Here’s to the people who aren’t with us

I can’t remember a time when my grandparents, Joe and Florence Drennan, weren’t a part of my life. We lived in the country, right next door to each other, and my brother and I constantly were around them if we could help it.
We slept over at their house most Friday nights, waking up early Saturday mornings to help Grandpa with farm chores. My Grandma, meanwhile, cooked the best crispy, brown-edged fried eggs in the world for breakfast—and the ultimate elbow macaroni and tomatoes for lunch.
Not for lack of trying can I duplicate these meals in my kitchen.
I loved to watch my Grandpa pour corn syrup for his toast onto a little plate, then cut off the supply running from its container clean off with a butter knife. He also would pour his hot tea from a teacup over into the saucer beneath it, pick it up, and drink it that way.
I’d watch the way he stood every morning at the kitchen sink, looking into a small mirror sitting on the window ledge, where he’d comb what hair he had left with a oval-shaped, soft-bristled brush and then adjust the silver arm bands on his work shirt before he headed outside.
All of this marvelled me.
Us kids were made part of everything—planting potatoes in the spring or walking on the cattle drive, harvesting hay bales in late summer, and shucking peas in the early fall. We lived their lives.
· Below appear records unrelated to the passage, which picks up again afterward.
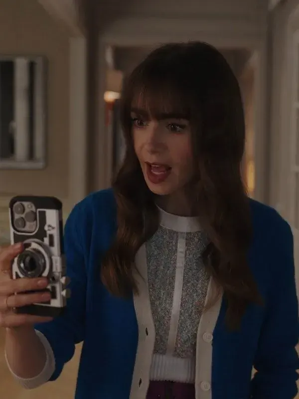 Emily In Paris Season 3 Lily Collins Blue Cardigan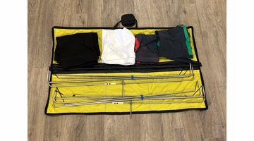 The 4x4 Flag Kits include frames made of 3/8 inch Stainless Steel tubing with Stainless Steel connector pins. An elastic cord keep all the pieces together even when collapsed. Bag contains a Stainless Steel tube sewn into the bottom to keep the bag rigid and allows the bag to be hung from the "T" handle on a stand. The bag is made of 1000 Denier Cordex black textured nylon, with a yellow polyester interior. Eight pockets (5 small, 3 medium) are provide to store Covers. A zipper securely keeps everything safe. Any 4x4 SLIPPER can be used on these frames.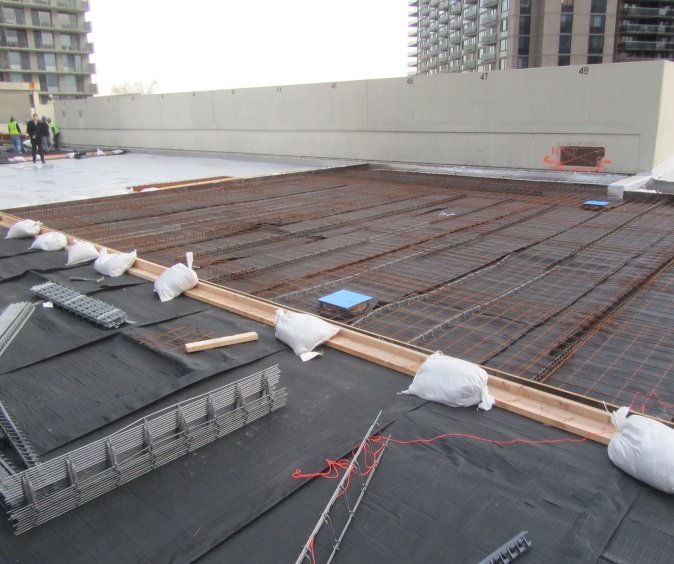 The Colony consists of a 4 ½ level parking garage, which services 450 units. The garage is a separate structure from the residential tower and partially covered by a sloping site. The top level of the roof parking garage level consists of a topping slab, which exhibited cracking, spalling and water infiltration at the perimeter. Heavy rust corrosion and concrete spalling existed at the underside of the ramp. Trap moisture under the topping slab underwent repetitive freeze/thaw cycling, causing the cracking of the topping slab.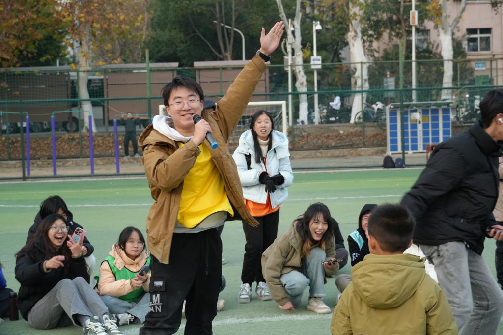 在公管学院曾牧航和机械学院樊家明两位主持人的带领下,两院团委学生会的成员们齐聚一堂。同学们被随机分成8个小组,各组成员相互配合、携手并进。在活力满满的游戏环节中,大家展开激烈角逐,不仅锻炼了个人的身体素质能力,更调动了团体合作的热情。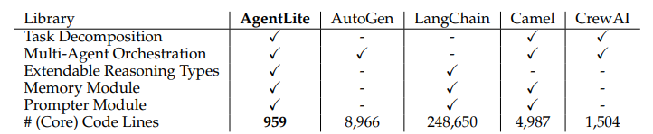 AgentLite 对比其他 Agent 构建库支持的特性 测试结果:AgentLite 可适用于任意 LLM,同时展现了其架构在处理 HotPotQA 复杂任务时具有的强大有效性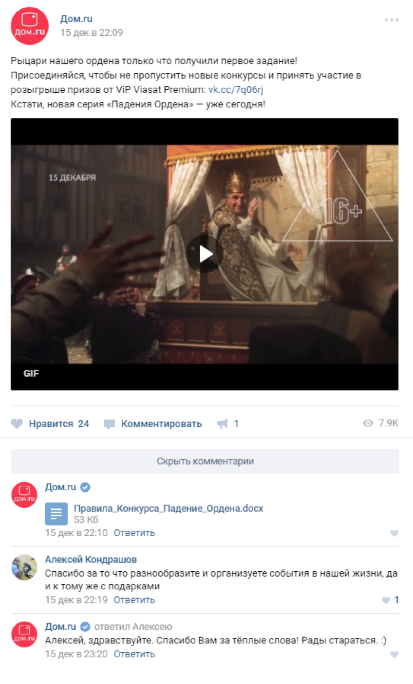 Фото 15. “Дом.ру” проводит конкурсы в соцсетях, которые получают положительный отклик у клиентов и заставляют их забыть о “провинностях” компании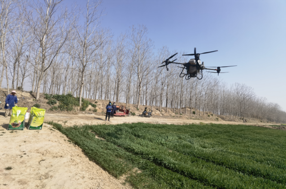 農業(yè)集團按區(qū)域制定生產服務指導方案,組建“黨員志愿隊”進行志愿服務、實行區(qū)域網格化管理、建立微信群及時發(fā)布指導意見。為減少勞務人員聚集,提高效率,“黨員志愿隊”為種植戶提供“飛防”服務,100斤的肥料只需短短幾分鐘的時間就可以播撒完成。“網格員”直接到田間地頭,現(xiàn)場指導種植戶種植、病蟲害防治要點,還提供全天候“云指導”服務,確保實現(xiàn)糧食豐收。

Every winter, Grandpa would hitch up the hay wagon and take us on sleigh rides with our friends, and always found the time to build us a great sliding hill that would surge us out onto the frozen creek bed on our “flying saucers.”
I have the best of both worlds now. I live where I made the memories.
My Grandpa and Grandma Drennan died in 1996 and 2006, respectively, and I think it still will be a long, long time before I don’t hear their voices around this old place.
Grandpa Drennan had a mighty soul stocked with discipline and work ethics that measured hands above any draft horse of his day. And when I walk with intent across the yard from the house to the barn, I remember watching him do the same thing as if on a mission.
Yep, we are definitely related.
But if Grandpa were alive today, I wonder what he would have thought if he’d have walked into the barn in the days before the family reunion and seen what I had done to the place.
And there I’d be dusting and polishing the place so shiny and fine as “Bat Out of Hell” by Meatloaf roared out of two big stereo speakers hanging from the ceiling.
I wonder what he would have said. I believe he would, with deep pride, understand the passion that was bouncing around in there.
I’d been on a mission all summer to ready this old homestead and barn for the end of July and the “Drennan Reunion,” wherein a spirited bunch of some 65 Irish descendants who hadn’t partied together in nine years would move in with their camper trailers and tents for the last weekend in July.
Post hoc, I dare say the spirited bunch did not disappoint their Irish ancestors.
However, there was a moment during the festivities when, as a red-headed young man walked by me wearing a name tag that read “Oppenheimer,” and as word circulated that suddenly I had a family connection to Robert Oppenheimer (“the father of the atomic bomb”), I had visions of a leprechaun-led mutiny which would strip me of my administrator rights to the Drennan family tree on the worldwide web.
And again, when the same person walked by wearing a name tag that read “Edmund Hillary,” I wasn’t sure if I should jump for joy at my newfound relationship with a mountain climber, change my contact lenses, or look for the someone who’d been spiking my Fresca with hard liquor.
Mr. Hatch, you are a corker.
I thought about Grandpa Drennan a lot that weekend, of he and his brothers and sisters now gone from this good Earth—and how very much they would have enjoyed these fun times.
And at 3 a.m., when the jovial singing and laughter emanated from the four walls that once held cattle and horses and hay, well, I imagine Grandpa wasn’t the only one “up there” who also understood the great love of family that was bouncing around in that old red barn.
We salute you Joe, John, James, Jack, and Harry, Margaret, Pat, Janet, and Tilly.
“We put our glass to the sky and lift up
And live tonight ’cause you can’t take it with ’ya
So raise a pint for the people that aren’t with us
And live tonight ’cause you can’t take it with ’ya.”